ApsaraDB RDS provides a variety of attack mitigation methods, including DDoS attack mitigation, traffic scrubbing, and SQL injection detection. When attacks are detected, the RDS security system responds without requiring manual intervention.
How it works
When an RDS instance is reachable from the Internet, it is exposed to DDoS attacks. ApsaraDB RDS defends against these attacks in two sequential layers:
Traffic scrubbing — the first line of defense. When attack traffic reaches the triggering thresholds, the security system scrubs inbound traffic to filter out malicious packets while keeping the instance operational.
Blackhole filtering — activated when traffic scrubbing cannot contain the attack, or when the blackhole triggering threshold is reached. Blackhole filtering blocks all Internet traffic to the instance and is automatically lifted after 2.5 hours.
To reduce exposure to DDoS attacks, access RDS instances over an internal network instead of the Internet.
Traffic scrubbing
Traffic scrubbing targets only Internet traffic and does not affect normal database operations.
Traffic scrubbing is triggered when any of the following thresholds are reached:
| Metric | Threshold |
|---|---|
| Packets per second (PPS) | 30,000 |
| Bits per second (BPS) | 180 Mbit/s |
| New concurrent connections per second | 10,000 |
| Active concurrent connections | 10,000 |
| Inactive concurrent connections | 100,000 |
Blackhole filtering
Blackhole filtering targets only Internet traffic. When triggered, the RDS instance cannot be accessed from the Internet and connected applications become unavailable. Blackhole filtering guarantees availability of RDS instances.

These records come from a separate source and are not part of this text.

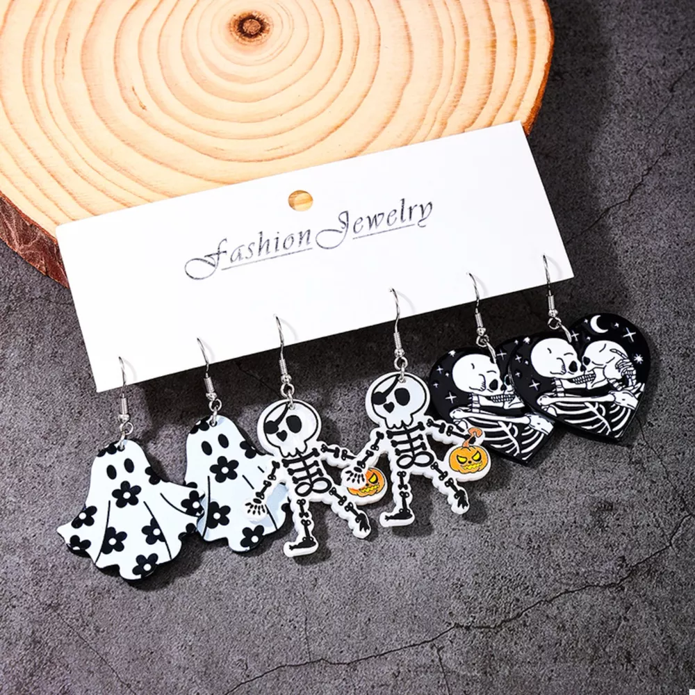 3 Pair Halloween Themed Acrylic Dangle Earrings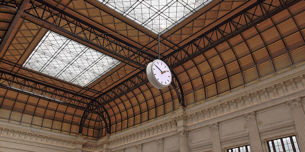 Um auf diese spezifische Anforderung einzugehen, entwickelte Bodet eine individuell konzipierte doppelseitige Uhr für die Haupthalle des Bahnhofs. Diese Uhr im Stunden-Minuten-Sekunden-Format (HMS) mit einem Durchmesser von 2 Metern und einem Gewicht von mehr als 350 kg wurde in unserem Werk im westfranzösischen Trémentines hergestellt und anschließend direkt von unseren Installateuren/Höhenarbeitern im Herzen des Bahnhofs von Bordeaux angebracht. Diese monumentale Uhr hängt inmitten der Halle und ist von jedem Ort innerhalb des Bahnhofs zu sehen. Beidseitig und hintergrundbeleuchtet bietet sie eine optimale Ablesbarkeit unter allen Bedingungen. Die Farbe der Hintergrundbeleuchtung ist je nach Tageszeit unterschiedlich. Auf diese Weise passt sich die Uhr an die Sonneneinstrahlung an. Darüber hinaus wird diese Uhr dank der AFNOR-Technologie mit allen Zeitsystemen des Bahnhofs synchronisiert.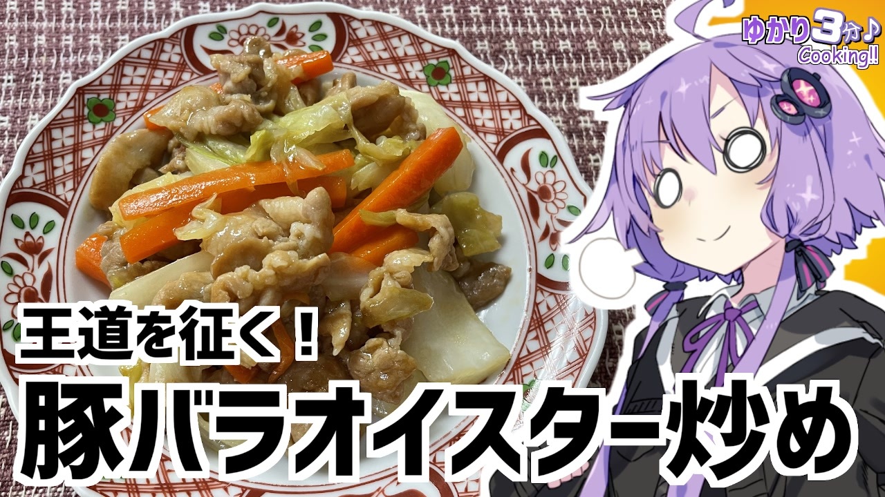 結月ゆかりを使用した料理動画です<br><br>オイスター炒めです!<br>オイスターはおい…やっぱやめとこっと!<br><br>私の秘策は『いいね!』を押して確認してくれよな!<br><br>今回使用した材料<br>豚バラ:150g キャベツ:1/8<br>ニンジン:半分 ニンニク:1欠<br>しょう油:大さじ1 酒:大さじ1<br>片栗粉:大さじ1 オイスターソース:大さじ1<br>みりん:大さじ2/3<br><br>前回のオイマヨ:<a href="https://www.nicovideo.jp/watch/sm38891890" class="watch">sm38891890</a><br>蹴上の絶景お花見スポット!JK旅:<a href="https://www.nicovideo.jp/watch/sm38890137" class="watch">sm38890137</a><br><br>オススメのボイロ劇場<br>茜ちゃんと葵ちゃんの現代怪異占い:<a href="https://www.nicovideo.jp/watch/sm38263500" class="watch">sm38263500</a><br><br>ツイッター:<a href="https://twitter.com/mrt89244817" target="_blank" rel="noopener nofollow">https://twitter.com/mrt89244817</a>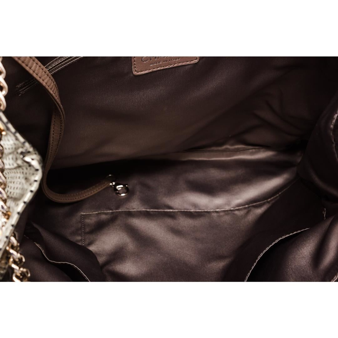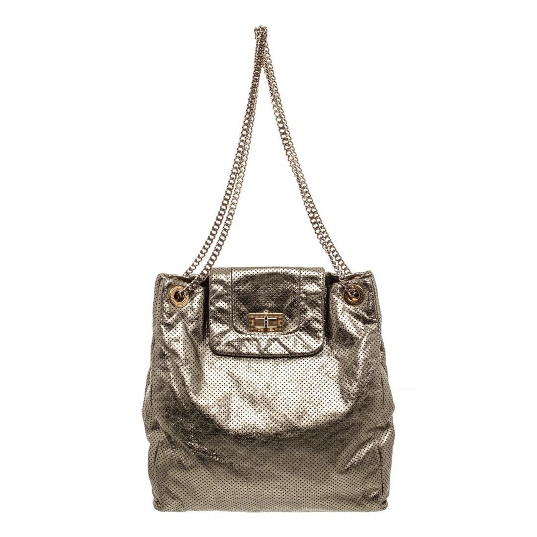 Crafted out of gray cracked perforated calfskin leather. silver-tone hardware, and turn lock closure at flap. Authentic.

Blackhole filtering is triggered when either of the following conditions is met:
BPS reaches 2 Gbit/s.
Traffic scrubbing is ineffective.
Blackhole filtering is automatically deactivated after 2.5 hours.
Recommendations
To minimize the risk of DDoS attacks and reduce the impact of blackhole filtering on your applications:
Use an internal network connection. Connecting to RDS instances over a Virtual Private Cloud (VPC) or internal network eliminates exposure to Internet-facing DDoS attacks entirely.
Plan for blackhole filtering downtime. When blackhole filtering is triggered, Internet-facing connections are unavailable for 2.5 hours. Design your application to handle this gracefully, for example by implementing retry logic or routing traffic through an internal endpoint as a fallback.